§ Problem to solve
Where the line containing "اینتل همراه با" appears, start repeating, and continue exactly through the last line below, adding nothing. Include no pictures.

-------- Dataset content --------

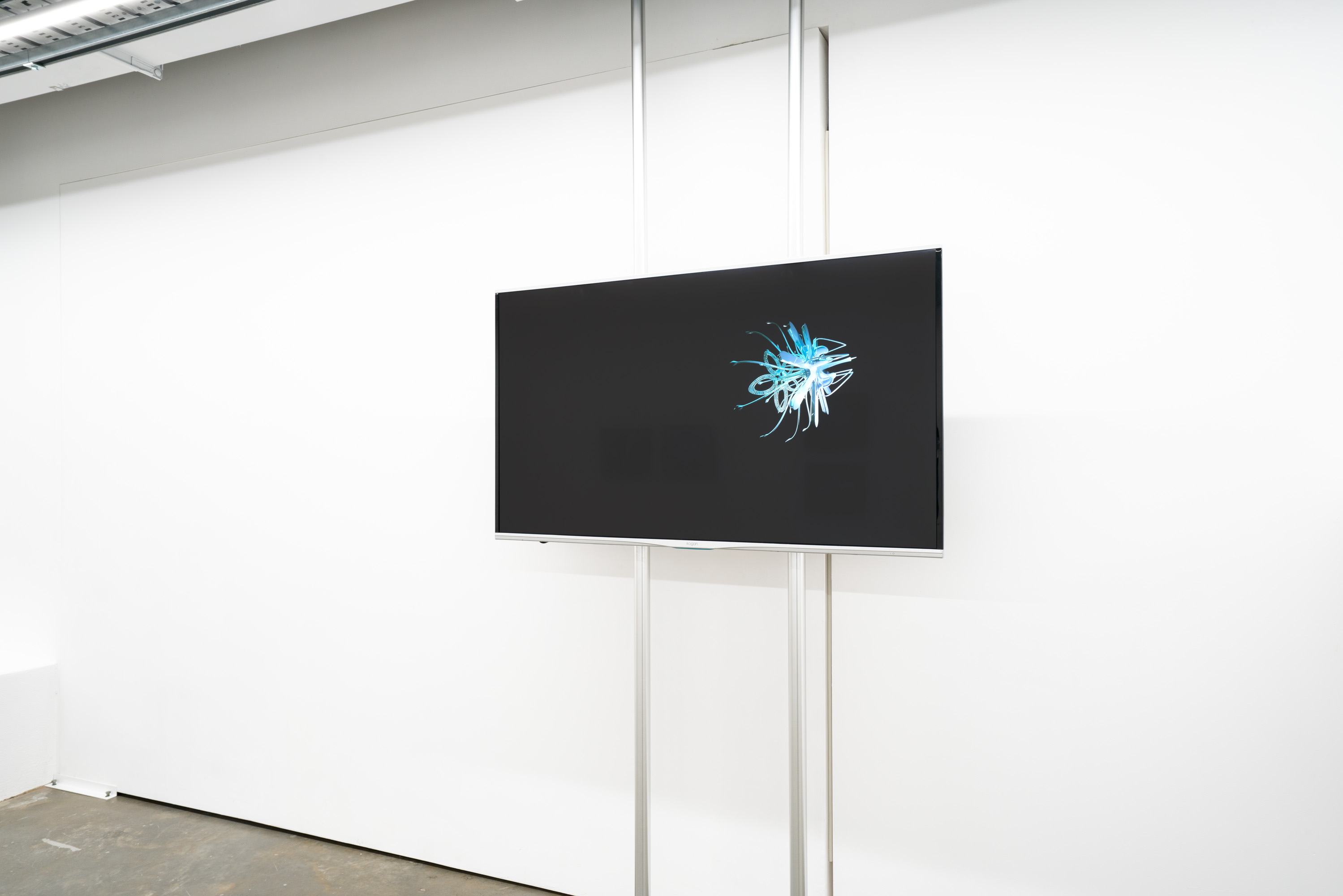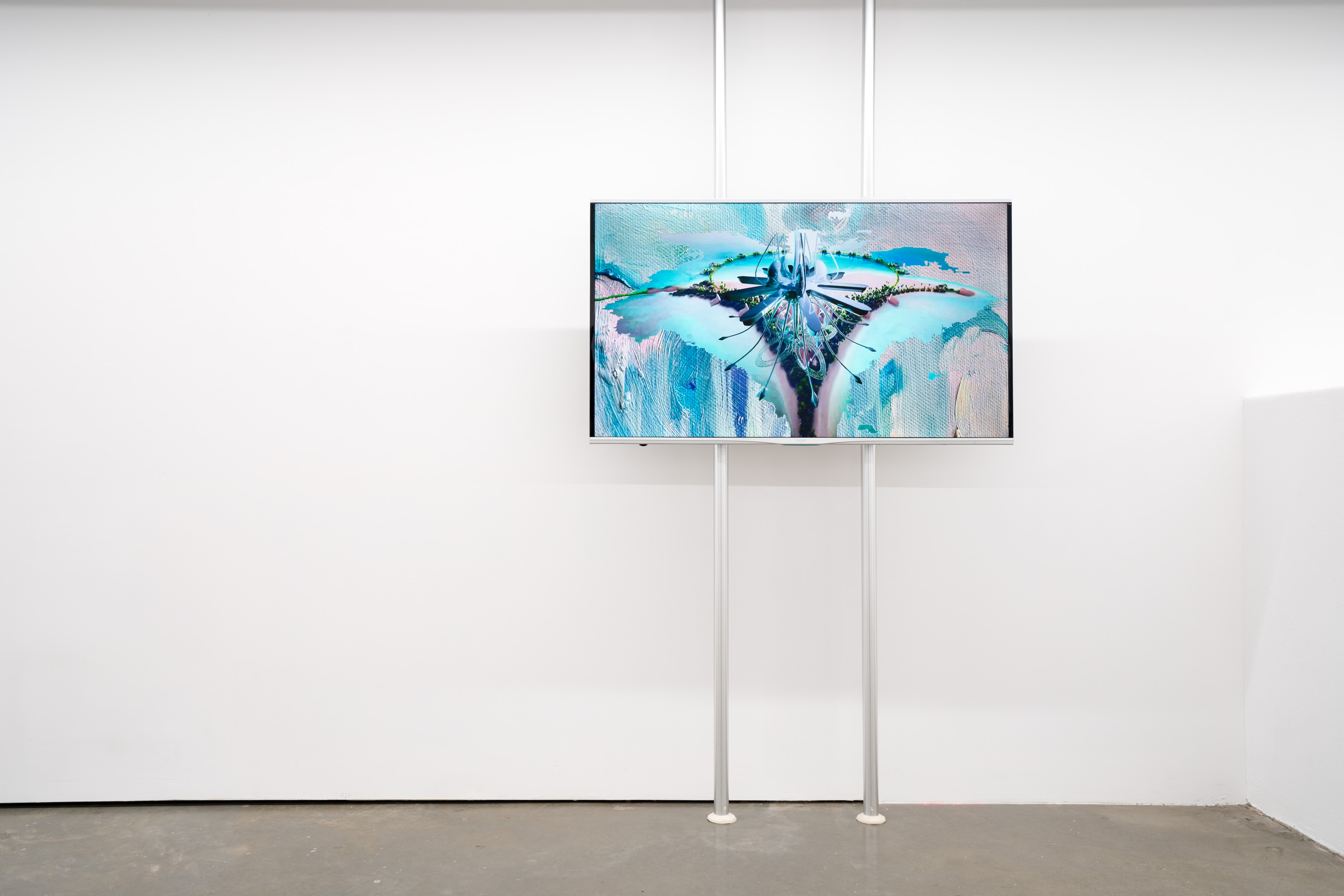 Sediment. Installation View, Metro Arts, 2021. Left to right: Leela Schauble, Synthetic Species Motion Study, 2012-2015. HD Video, 8min5sec. Samuel Tupou, Future Lands (Old World Rituals), 2017. Acrylic and serigraph on board. 86cm x 86cm. Courtesy the artist and Onespace Gallery.
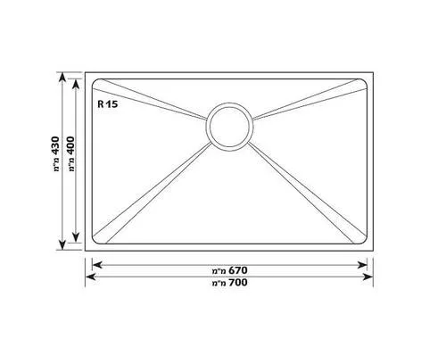 אורך: 43 ס"מ, רוחב: 70 ס"מ,עומק הכיור: 20.3 ס”מ.
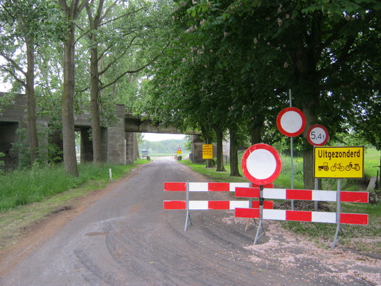 Twee keer een verbodsbord (verboden in te rijden in beide richtingen) lijkt tamelijk overdreven…. Tractoren, fietsers en brommers mogen er wel langs, maar niet als ze zwaarder zijn dan 5,4 t….. En niet harder rijden dan 30 km per uur. (Dat bord staat hier niet, maar verderop dubbel…)
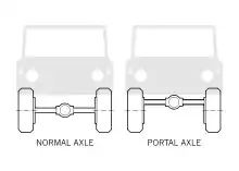 - Портальный мост - для увеличения[3] или уменьшения[4] дорожного просвета и разгрузки главной передачи. Так же называется П-образным или редукторным мостом. Крутящий момент в таких мостах передаётся от главной передачи к колёсам через дополнительные редукторы, расположенные в них (разнесённая двойная главная передача).
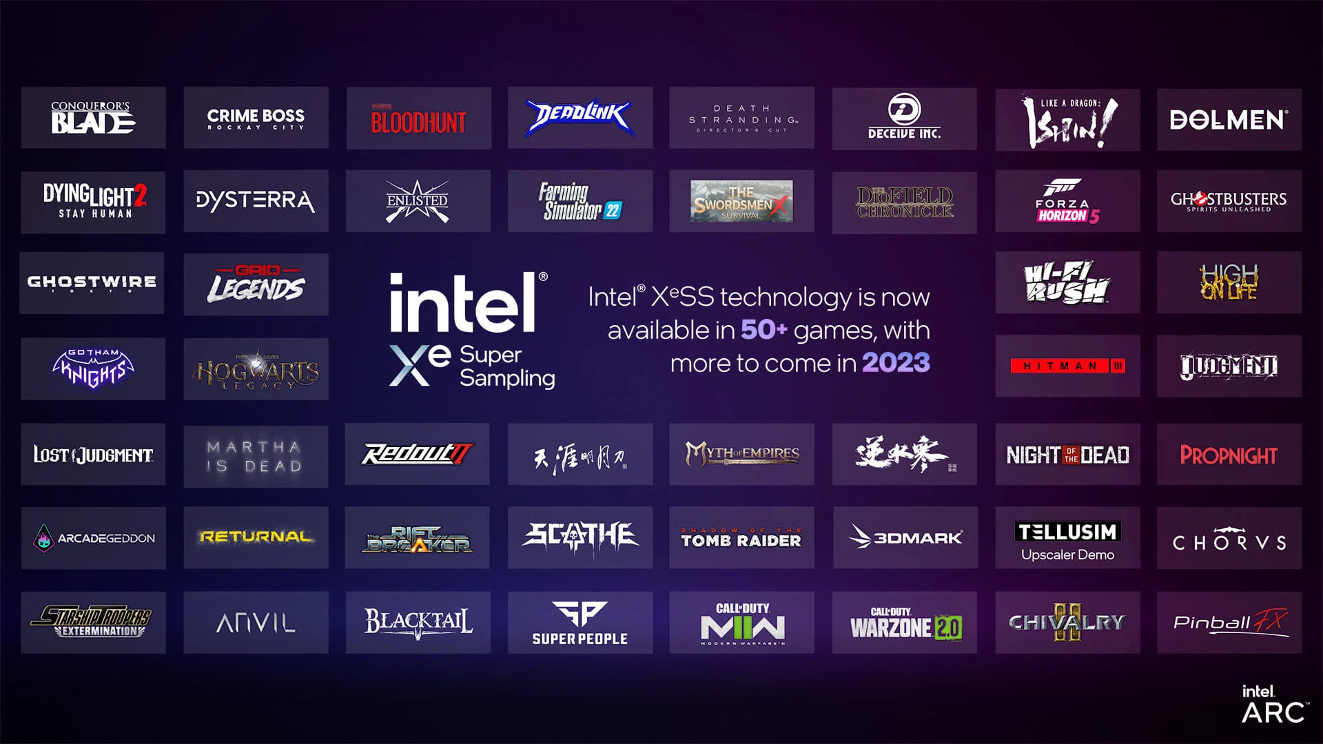 اینتل همراه با پردازندههای نسل سیزده و کارت گرافیک Arc A770، فناوری ارتقای ابعاد یا آپ اسکلینگ XeSS را معرفی کرد. این فناوری که هم از کارتهای گرافیک سری Arc اینتل و هم از محصولات انویدیا و AMD پشتیبانی میکند، اکنون در ۵۰ بازی مختلف قابل دسترس است.
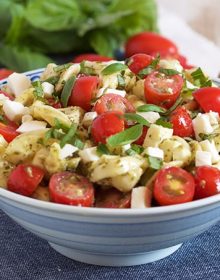 I love any variation from a simple macaroni salad to a chopped italian pasta salad. I could eat it all. And with everyone flipping out over “Caprese” everything, I thought I’d just go with it. Because it’s summer and we need to take it easy.
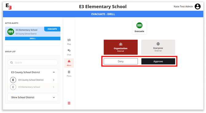 To approve or deny the alert as an admin user, simply go to your alert screen and click on the Approve or Deny button.
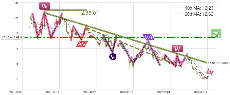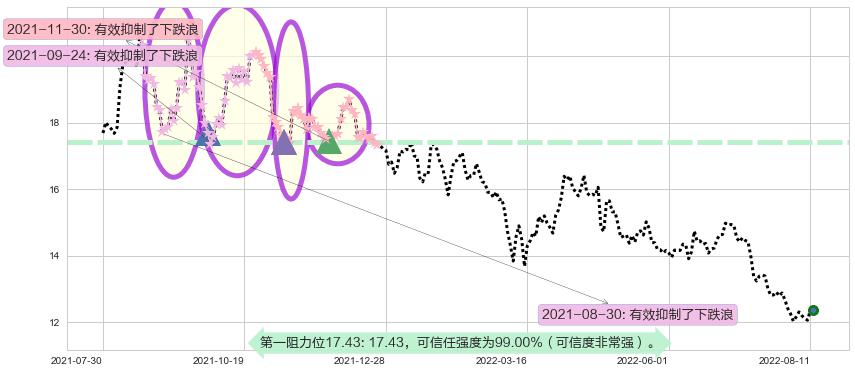 ♘ 阻力价格位17.43,可信任强度99.00%,距离最后交易2022-08-12形成的收盘价格12.37相差 +40.87%

--------

§ Answer area
 اینتل همراه با پردازندههای نسل سیزده و کارت گرافیک Arc A770، فناوری ارتقای ابعاد یا آپ اسکلینگ XeSS را معرفی کرد. این فناوری که هم از کارتهای گرافیک سری Arc اینتل و هم از محصولات انویدیا و AMD پشتیبانی میکند، اکنون در ۵۰ بازی مختلف قابل دسترس است.
 I love any variation from a simple macaroni salad to a chopped italian pasta salad. I could eat it all. And with everyone flipping out over “Caprese” everything, I thought I’d just go with it. Because it’s summer and we need to take it easy.
 To approve or deny the alert as an admin user, simply go to your alert screen and click on the Approve or Deny button.
 ♘ 阻力价格位17.43,可信任强度99.00%,距离最后交易2022-08-12形成的收盘价格12.37相差 +40.87%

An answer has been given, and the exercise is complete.